• **Work request**:
Every line of the material is to be quoted verbatim, minus the pictures.

• **Source data**:
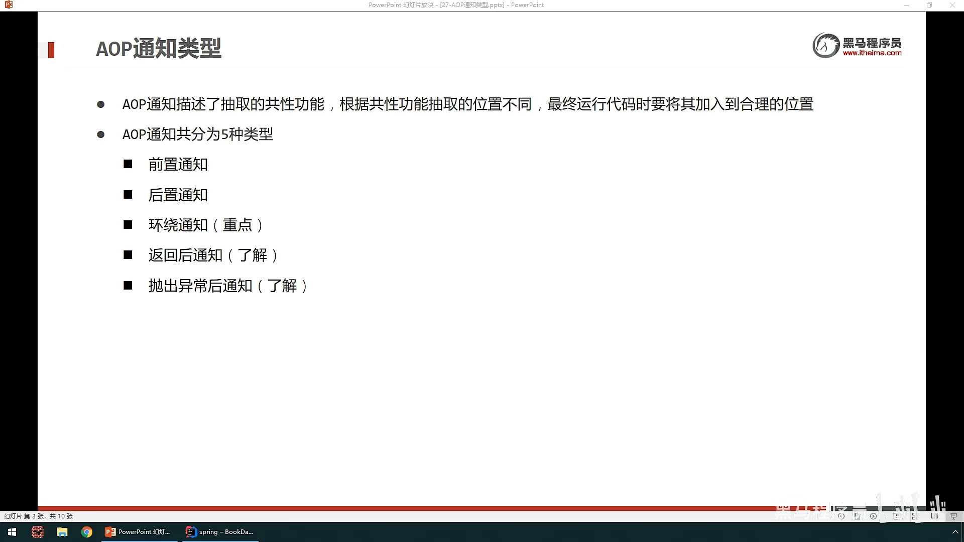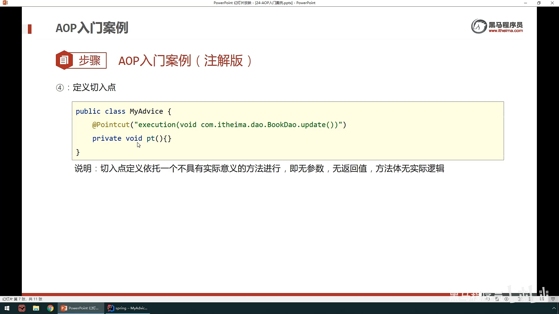写完切入点之后需要写一个方法,方法里面就写通知,也就是需要增强的功能,然后再通知上需写上一个注解,注解里面写上那个切点的方法,这个注解就表名这个切入点与属性的关系,是前置还是后置,还是环绕,相当于把切入点与通知绑定起来,也就是搞成了切面。
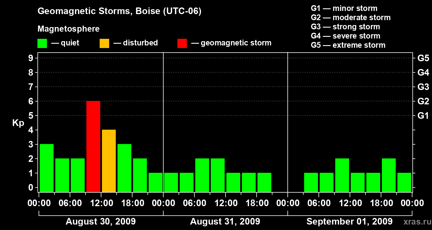Changes in the geomagnetic index Kp from August 30 to September 1, 2009 for mid latitudes
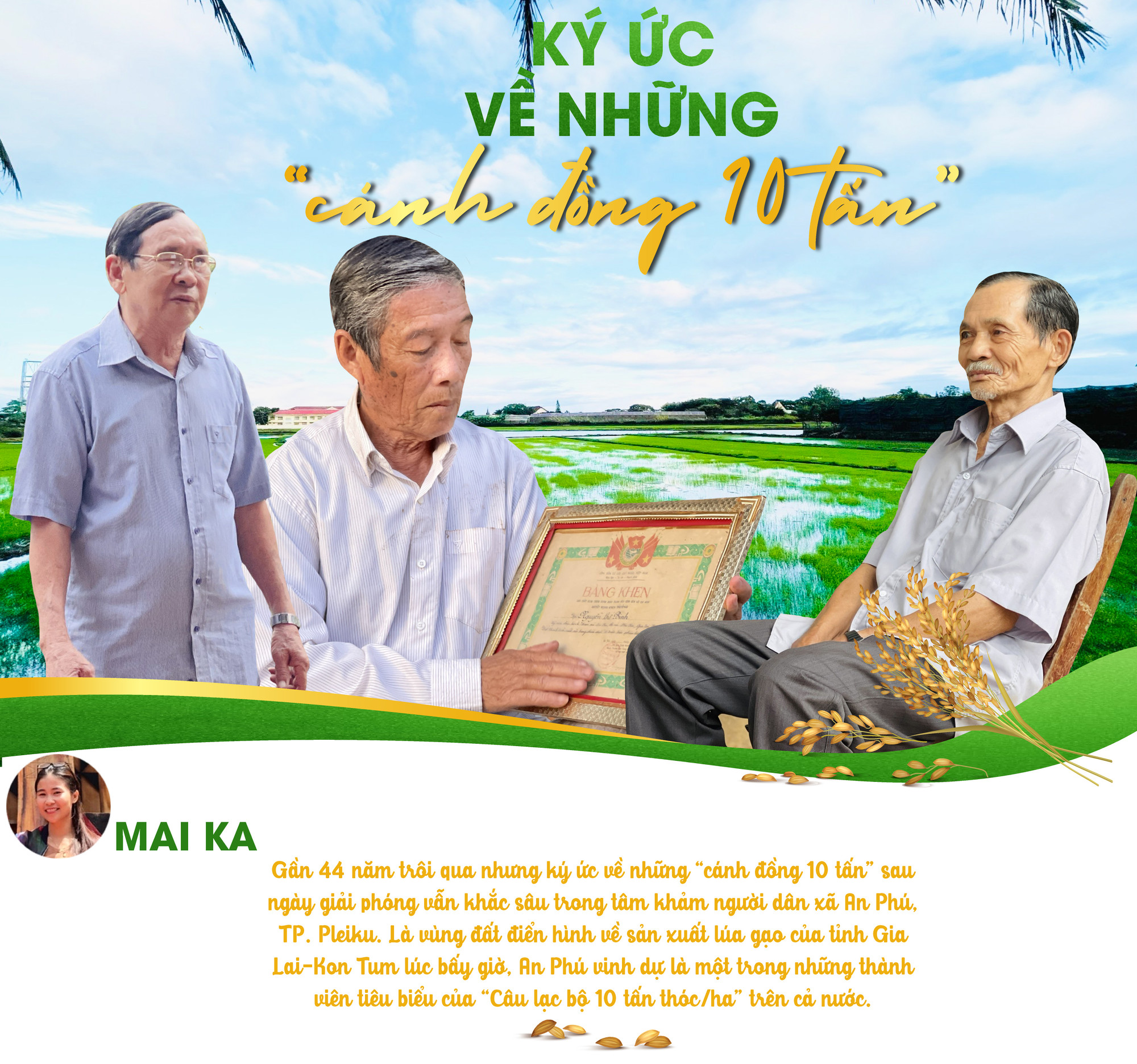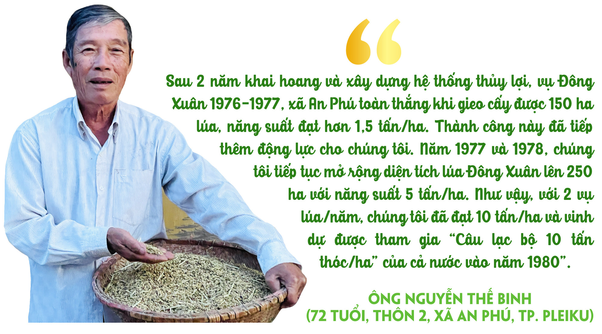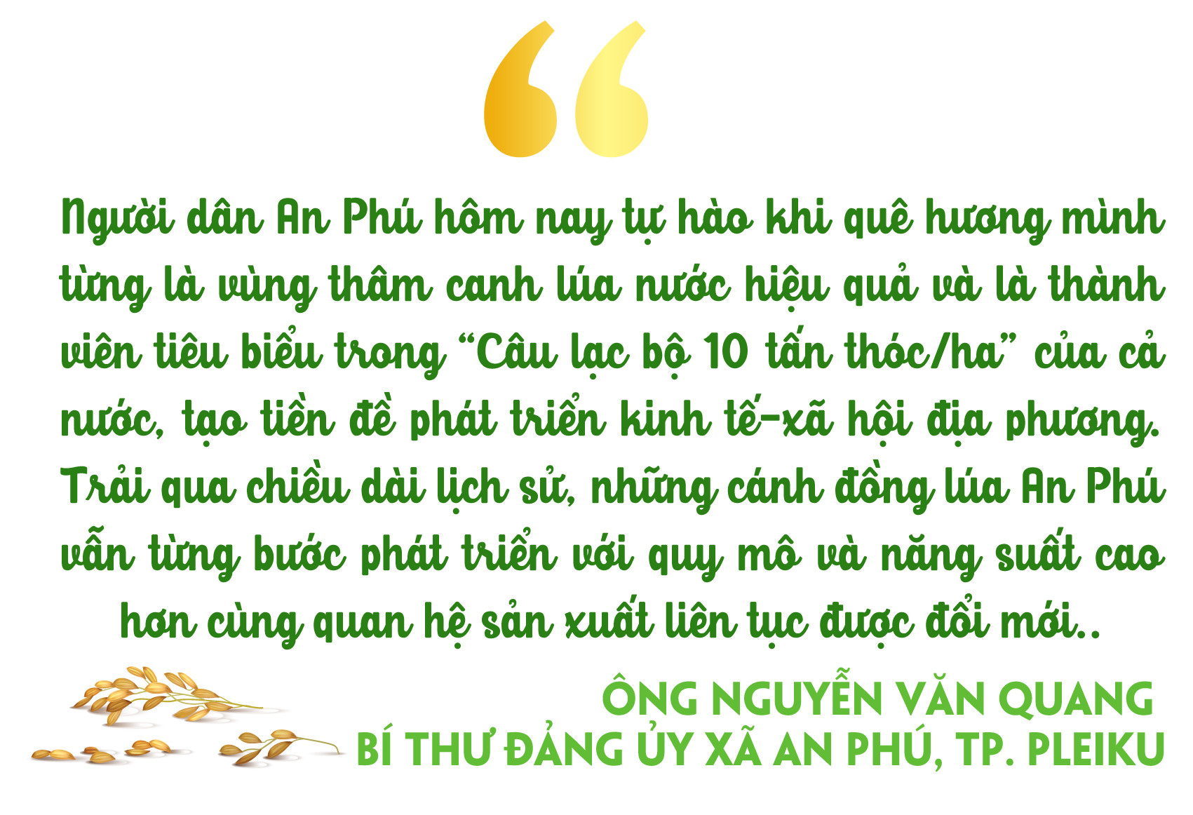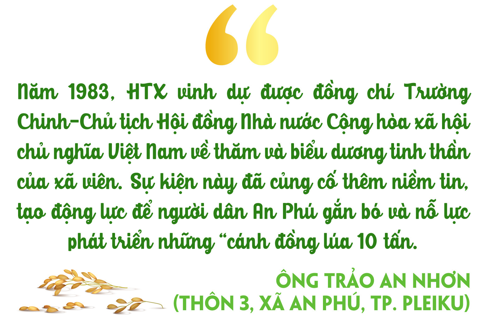 Đưa tay chỉ về cánh đồng lúa mướt xanh, ông Trần Thanh Vân (80 tuổi, thôn 3, xã An Phú) chia sẻ: “Là người trực tiếp tham gia khai hoang, làm thủy lợi và gieo cấy từ vụ lúa Đông Xuân đầu tiên của xã, khi nghe tin HTX của mình vinh dự là thành viên của “Câu lạc bộ 10 tấn thóc/ha”, tôi vỡ òa niềm vui. Chúng tôi xem HTX là gia đình thứ 2. Chúng tôi gắn bó và chung tay xây dựng nên những cánh đồng tốt tươi để luôn xứng đáng là lá cờ đầu về phát triển sản xuất toàn diện của tỉnh”. Cùng chung niềm tự hào, bà Trần Thị Năm (72 tuổi, thôn 1, xã An Phú) chia sẻ: “Ở xã An Phú, khi còn làm ăn cá thể có nhiều hộ thiếu đói. Nhưng từ khi vào HTX, các gia đình vừa đủ ăn vừa thực hiện được nghĩa vụ lương thực với Nhà nước và còn có lương thực đem bán để mua bò, dựng nhà mua sắm các đồ dùng cần thiết cho sinh hoạt. Lúc đó, HTX hoạt động vững chắc và chăm lo tốt cho đời sống xã viên. Chúng tôi cũng rất tự hào khi HTX luôn là điển hình về sản xuất nông nghiệp của thị xã Pleiku và của tỉnh Gia Lai-Kon Tum ngày ấy”.

• **Exercise result**:
写完切入点之后需要写一个方法,方法里面就写通知,也就是需要增强的功能,然后再通知上需写上一个注解,注解里面写上那个切点的方法,这个注解就表名这个切入点与属性的关系,是前置还是后置,还是环绕,相当于把切入点与通知绑定起来,也就是搞成了切面。
Changes in the geomagnetic index Kp from August 30 to September 1, 2009 for mid latitudes
 Đưa tay chỉ về cánh đồng lúa mướt xanh, ông Trần Thanh Vân (80 tuổi, thôn 3, xã An Phú) chia sẻ: “Là người trực tiếp tham gia khai hoang, làm thủy lợi và gieo cấy từ vụ lúa Đông Xuân đầu tiên của xã, khi nghe tin HTX của mình vinh dự là thành viên của “Câu lạc bộ 10 tấn thóc/ha”, tôi vỡ òa niềm vui. Chúng tôi xem HTX là gia đình thứ 2. Chúng tôi gắn bó và chung tay xây dựng nên những cánh đồng tốt tươi để luôn xứng đáng là lá cờ đầu về phát triển sản xuất toàn diện của tỉnh”. Cùng chung niềm tự hào, bà Trần Thị Năm (72 tuổi, thôn 1, xã An Phú) chia sẻ: “Ở xã An Phú, khi còn làm ăn cá thể có nhiều hộ thiếu đói. Nhưng từ khi vào HTX, các gia đình vừa đủ ăn vừa thực hiện được nghĩa vụ lương thực với Nhà nước và còn có lương thực đem bán để mua bò, dựng nhà mua sắm các đồ dùng cần thiết cho sinh hoạt. Lúc đó, HTX hoạt động vững chắc và chăm lo tốt cho đời sống xã viên. Chúng tôi cũng rất tự hào khi HTX luôn là điển hình về sản xuất nông nghiệp của thị xã Pleiku và của tỉnh Gia Lai-Kon Tum ngày ấy”.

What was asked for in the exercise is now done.